StreamDiffusionWebcam — A solution for real-time diffusion-based image generation from a webcam feed.
Authors: Erenalp Çetintürk
This repository is a fork/extension of the original StreamDiffusion example that uses the system screen as input. This project adapts the pipeline to use a webcam (camera) as the input source so you can perform real-time image transformations using diffusion models.
Original project: cumulo-autumn/StreamDiffusion - examples/screen/main.py — many thanks to the original authors for the code and permissive usage.
Table of contents
- Overview
- Features
- Requirements
- Installation
- Quick start / Usage
- Configuration and CLI options
- Performance & tuning tips
- Troubleshooting
- Contributing
- Acknowledgements
- License
StreamDiffusionWebcam captures frames from a webcam, converts them into tensors, and feeds them into a StreamDiffusion model in img2img mode to produce stylized/generated frames in (near) real time.

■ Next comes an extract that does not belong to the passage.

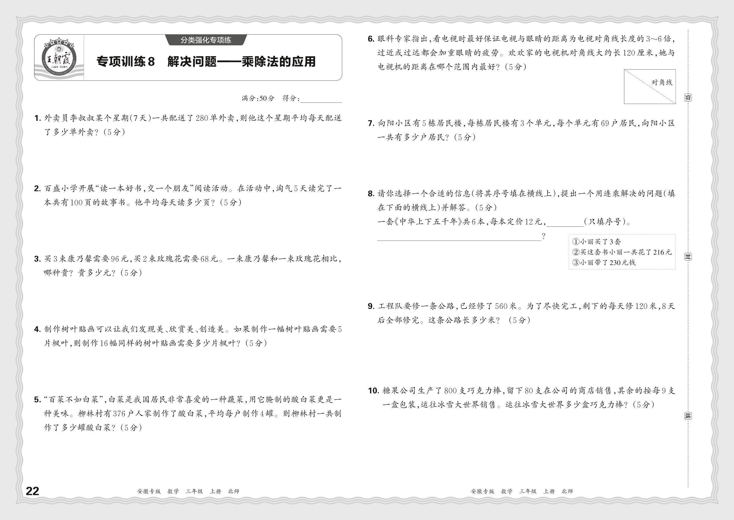 2023秋上册三年级数学北师版 期末专项·解决问题——乘除法的应用【8】

Output frames are displayed in a viewer process.
- Webcam input (replaces original screen-capture example)
- Uses StreamDiffusion for image-to-image diffusion generation
- Supports acceleration options (xformers / TensorRT)
- Frame buffering for batching
- Prompt / negative-prompt customization via CLI
- Simple viewer process to display generated frames and FPS
- Linux / Windows / macOS with a working webcam
- NVIDIA GPU recommended for real-time performance (RTX series suggested)
- Python 3.10 (tested with 3.10)
- CUDA and NVIDIA drivers appropriate for your chosen PyTorch build
- Conda recommended for environment management
- Clone repository
git clone https://github.com/ErenalpCet/StreamDiffusionWebcam.git
cd StreamDiffusionWebcam- Create and activate a conda environment (recommended)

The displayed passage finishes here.